As Charletta Robinson tried to finish her doctorate in social work last year, it began to rain in her dining room.
She had no money to make repairs, but at first the leak was small. Soon, however, her roof was sprouting holes all over the place.
“It was very stressful. I’m trying to figure out how to take care of this without the water damage spreading,” she said.
She stretched a tarp across her attic floor, but still the damage spread.
“My chimney was deteriorating at a rapid pace,” she said, and every time it rained, she could hear the water trickling into her attic.
In desperation, she dialed 411. To her surprise, it worked; an operator connected her to Community Land Trust, which runs a home repair program. She was eligible for a federal grant, and this spring, contractors showed up to fix the roof. For the first time in months, she wasn’t worried when it rained.
“It felt very liberating,” she said.
The grant also requires the Community Land Trust to fix all code violations. It’s an awkward requirement because in many cases, homeowners don’t even know there are violations, said Bev Burnett, executive director of the group.

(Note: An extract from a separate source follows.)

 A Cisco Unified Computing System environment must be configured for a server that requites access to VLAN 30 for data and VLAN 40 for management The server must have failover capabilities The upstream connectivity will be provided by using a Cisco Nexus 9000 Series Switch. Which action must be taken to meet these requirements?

Robinson was sleeping in a basement “bedroom suite” with a master bedroom and bathroom — but no windows large enough to climb out of if there was a fire. That’s a major safety hazard. Doors can often be blocked by a fire, so bedrooms must also have an escape window.
Robinson hadn’t given any thought to the possibility of a fire until inspectors found the problem. Contractors turned one of her tiny windows into a large one, letting in sun as well as potentially saving a life.

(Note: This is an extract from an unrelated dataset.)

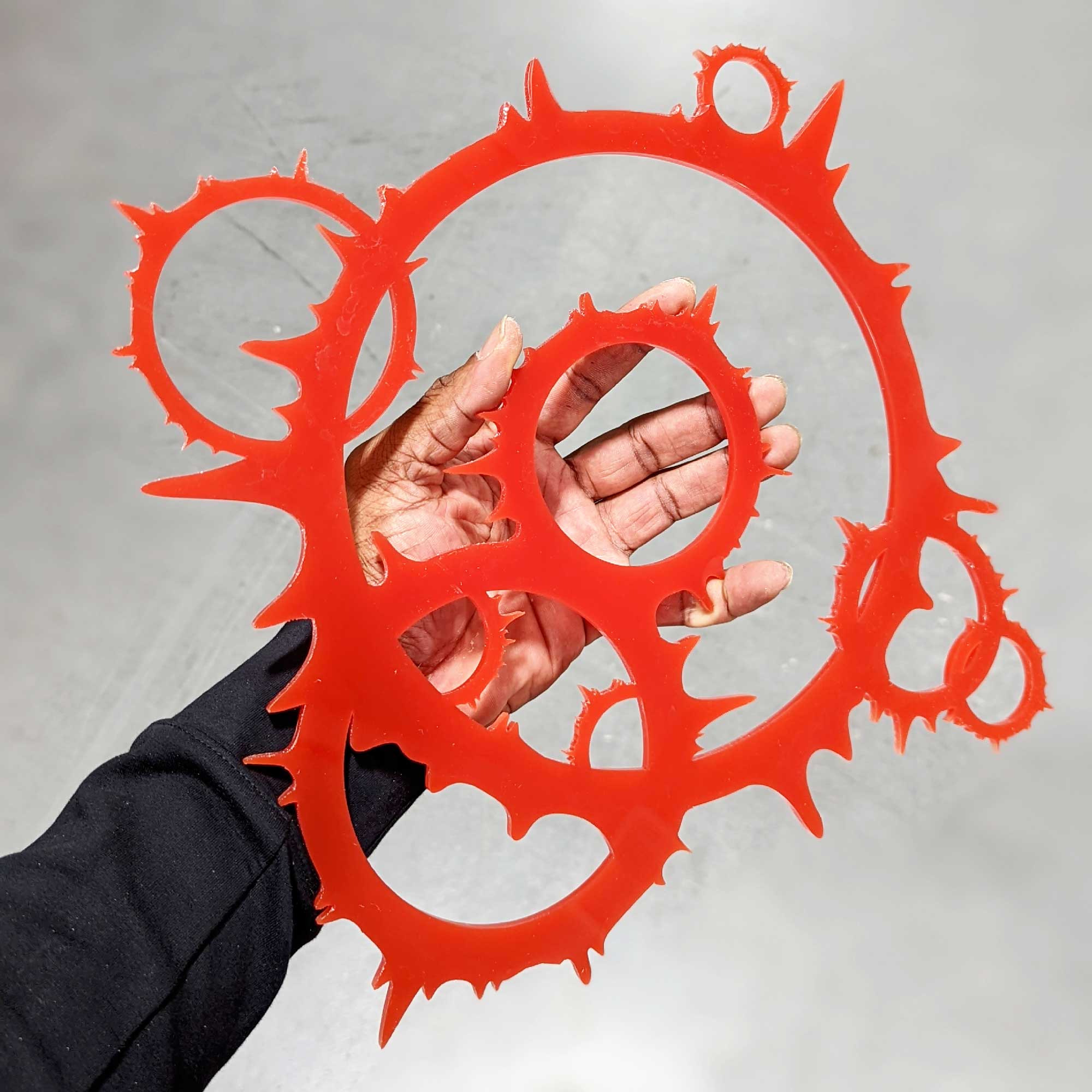 Made from 1/4 in. Laser cut acrylic this amazing prop is perfect for selling the visual effect of magic in your next cosplay. Prop comes with 3 smaller inner rings that can be epoxy’d in place for a more custom fit if you find the center opening is too large.

“They gave me an awesome egress window in my bedroom,” Robinson said. “I definitely felt safe there. That was the best feeling of the whole project, that window.”
The Repair Assistance Program is fixing 16 houses this year, which will use up the entire grant.
“Now the pressure is on the city to get us more money,” Burnett said.
She held a news conference to highlight the program because it’s mostly invisible.
“A lot of the houses chosen for the program don’t have a lot of exterior problems, so it’s hard to see,” she said.
But the repairs stabilize houses that would otherwise fall apart quickly. Structural problems and leaking roofs are the most common problems.
City officials are trying to get more money for the program now, calling it a “highly successful” way to help elderly, poor and new homeowners deal with major repairs. It’s yet another way homeownership is made easy in Schenectady, said Mayor Gary McCarthy, using the city’s marketing motto.
“There’s something for everybody,” he said.
The city will hold its third annual Homeownership Fair from 10 a.m. to 1 p.m. Sunday at City Hall, with 25 vendors to offer help with securing mortgages, finding houses and other parts of the home-buying process.
The monthly citywide open house will follow from 1 p.m. to 4 p.m. Sunday at locations posted on the city website, www.CityOfSchenectady.com.